_Aim of the exercise_
With pictures left out, output exactly the lines of the listing below from the line that has "and cover. |" to the line that has "恰逢重阳佳节,为缓解同学们异", both lines kept.

_Material shown_
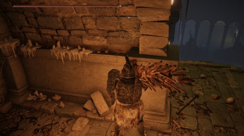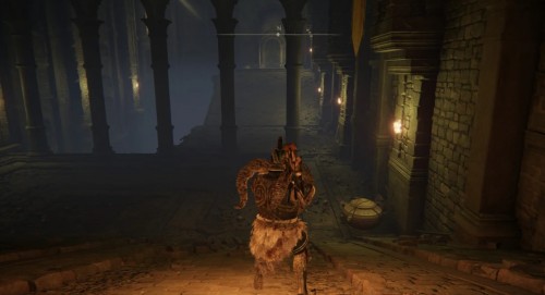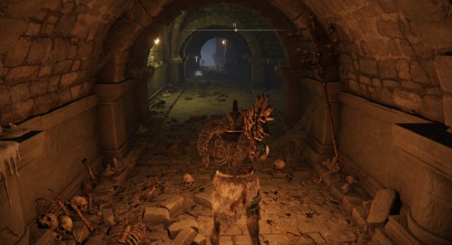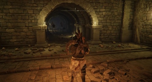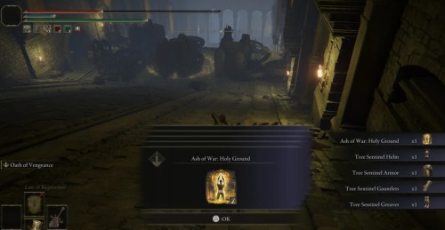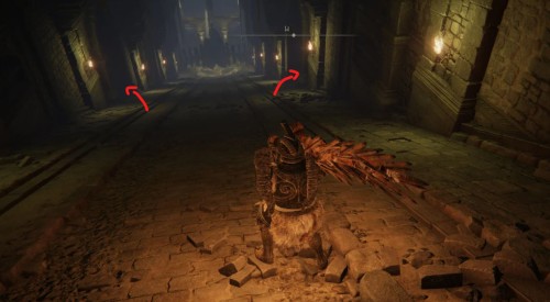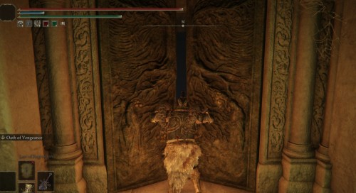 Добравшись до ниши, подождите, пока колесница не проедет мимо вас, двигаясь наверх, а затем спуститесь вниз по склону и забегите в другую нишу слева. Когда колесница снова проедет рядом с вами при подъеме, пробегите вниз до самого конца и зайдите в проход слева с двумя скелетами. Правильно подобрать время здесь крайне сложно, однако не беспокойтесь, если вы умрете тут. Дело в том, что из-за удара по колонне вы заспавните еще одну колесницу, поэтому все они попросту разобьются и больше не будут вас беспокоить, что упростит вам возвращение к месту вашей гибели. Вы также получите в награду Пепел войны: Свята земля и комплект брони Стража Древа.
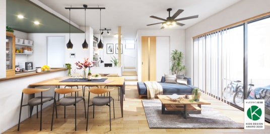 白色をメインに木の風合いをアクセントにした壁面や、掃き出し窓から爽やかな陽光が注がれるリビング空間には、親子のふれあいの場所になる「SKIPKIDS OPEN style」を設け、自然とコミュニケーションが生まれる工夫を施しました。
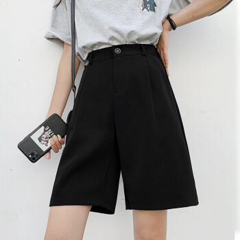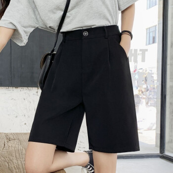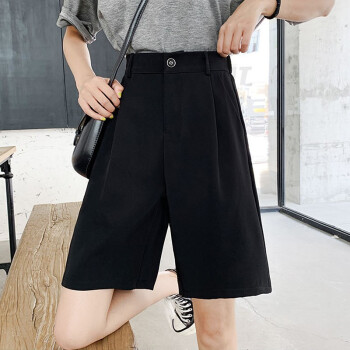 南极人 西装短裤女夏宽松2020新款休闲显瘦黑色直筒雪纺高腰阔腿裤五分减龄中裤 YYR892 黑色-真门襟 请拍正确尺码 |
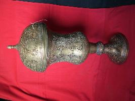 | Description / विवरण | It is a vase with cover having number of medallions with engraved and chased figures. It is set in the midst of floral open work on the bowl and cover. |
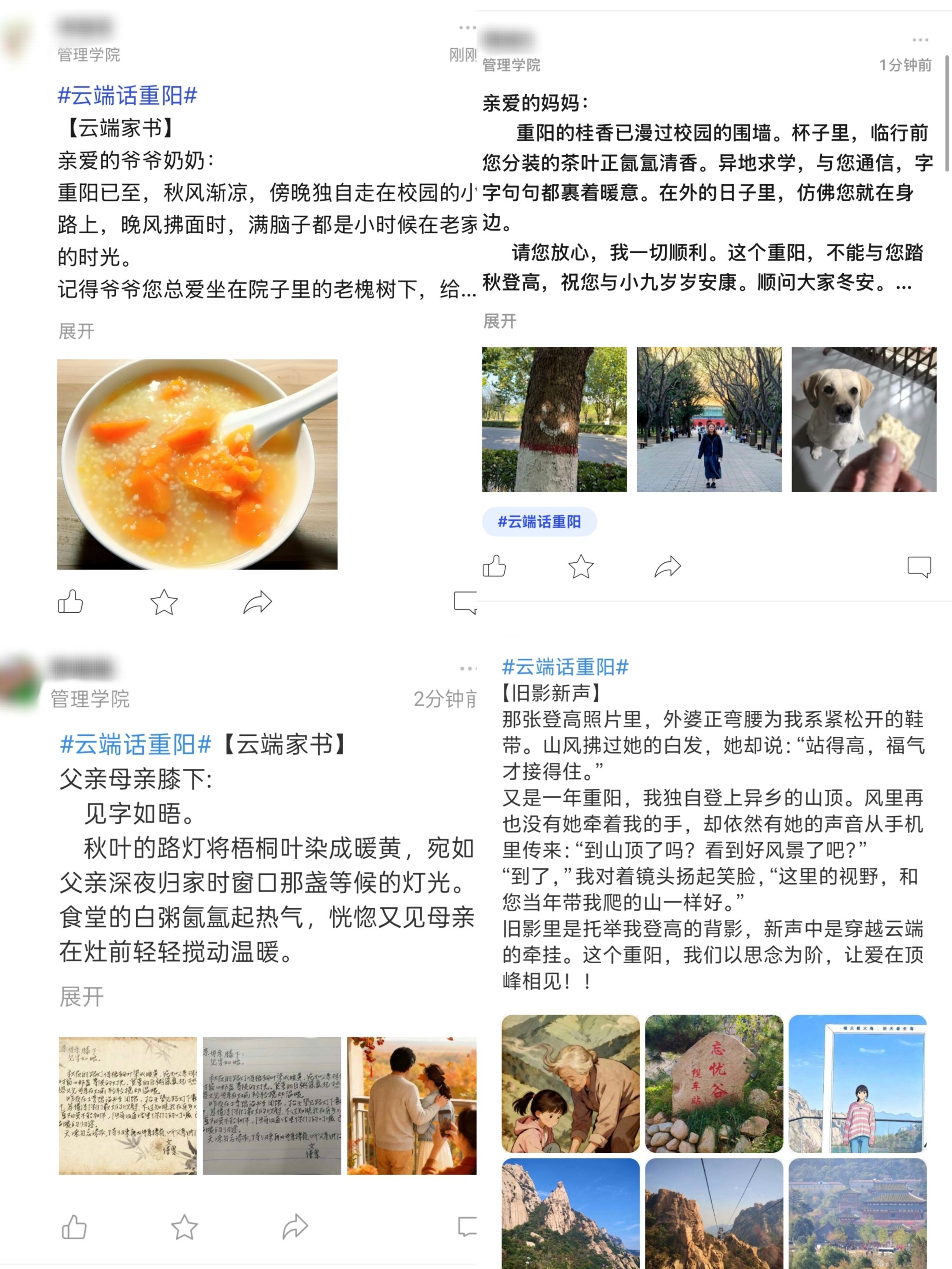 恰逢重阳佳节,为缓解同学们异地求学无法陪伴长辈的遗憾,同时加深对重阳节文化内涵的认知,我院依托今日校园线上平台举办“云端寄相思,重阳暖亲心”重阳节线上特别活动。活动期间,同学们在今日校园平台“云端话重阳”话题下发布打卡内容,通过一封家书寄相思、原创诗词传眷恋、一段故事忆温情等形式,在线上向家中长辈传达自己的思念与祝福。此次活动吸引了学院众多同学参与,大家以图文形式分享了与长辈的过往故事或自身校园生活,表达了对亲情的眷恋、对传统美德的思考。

...

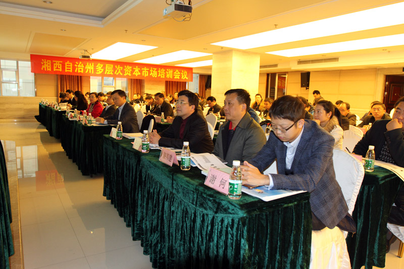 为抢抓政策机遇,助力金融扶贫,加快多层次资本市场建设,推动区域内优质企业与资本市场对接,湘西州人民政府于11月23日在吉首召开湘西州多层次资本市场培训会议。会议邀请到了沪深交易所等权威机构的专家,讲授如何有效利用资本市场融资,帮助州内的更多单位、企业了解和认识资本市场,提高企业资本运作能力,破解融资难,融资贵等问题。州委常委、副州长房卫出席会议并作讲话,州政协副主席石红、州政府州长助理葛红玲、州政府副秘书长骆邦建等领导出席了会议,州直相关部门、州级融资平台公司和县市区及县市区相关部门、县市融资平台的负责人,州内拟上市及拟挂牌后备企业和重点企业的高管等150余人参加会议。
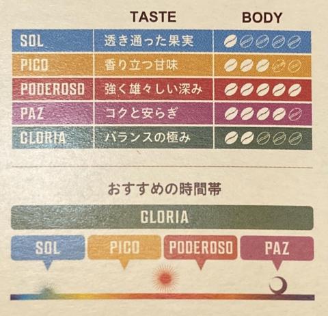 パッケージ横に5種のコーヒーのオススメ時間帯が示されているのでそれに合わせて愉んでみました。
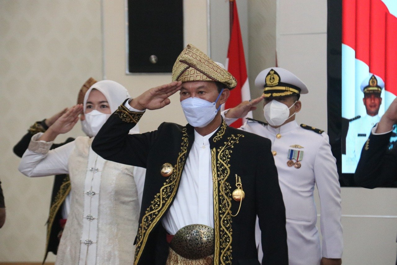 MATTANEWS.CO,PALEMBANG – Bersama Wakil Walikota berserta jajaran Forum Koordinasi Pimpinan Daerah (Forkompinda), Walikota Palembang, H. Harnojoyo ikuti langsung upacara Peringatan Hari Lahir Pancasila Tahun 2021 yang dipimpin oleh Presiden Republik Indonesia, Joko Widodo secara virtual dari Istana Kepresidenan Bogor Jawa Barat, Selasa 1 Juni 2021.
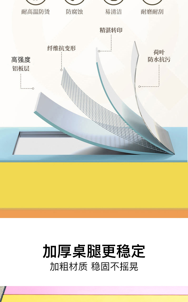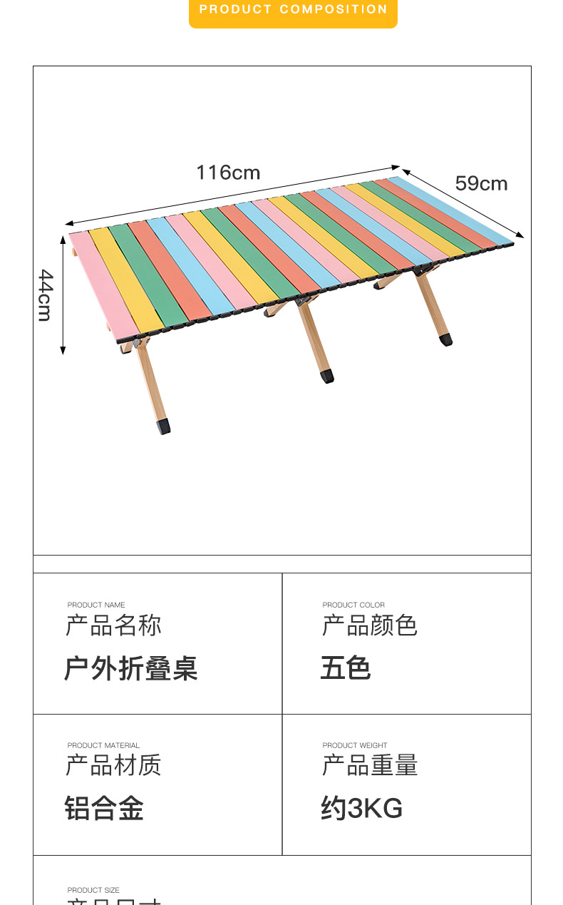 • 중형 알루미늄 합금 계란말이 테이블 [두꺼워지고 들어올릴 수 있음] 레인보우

* * *

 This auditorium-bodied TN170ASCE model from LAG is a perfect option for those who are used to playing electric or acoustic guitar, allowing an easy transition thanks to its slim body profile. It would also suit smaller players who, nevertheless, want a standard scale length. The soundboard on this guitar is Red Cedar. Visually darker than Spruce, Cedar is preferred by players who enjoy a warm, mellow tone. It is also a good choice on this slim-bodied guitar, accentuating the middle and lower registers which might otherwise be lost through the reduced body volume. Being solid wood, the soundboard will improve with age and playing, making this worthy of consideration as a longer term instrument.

_Solution_
 | Description / विवरण | It is a vase with cover having number of medallions with engraved and chased figures. It is set in the midst of floral open work on the bowl and cover. |
 恰逢重阳佳节,为缓解同学们异地求学无法陪伴长辈的遗憾,同时加深对重阳节文化内涵的认知,我院依托今日校园线上平台举办“云端寄相思,重阳暖亲心”重阳节线上特别活动。活动期间,同学们在今日校园平台“云端话重阳”话题下发布打卡内容,通过一封家书寄相思、原创诗词传眷恋、一段故事忆温情等形式,在线上向家中长辈传达自己的思念与祝福。此次活动吸引了学院众多同学参与,大家以图文形式分享了与长辈的过往故事或自身校园生活,表达了对亲情的眷恋、对传统美德的思考。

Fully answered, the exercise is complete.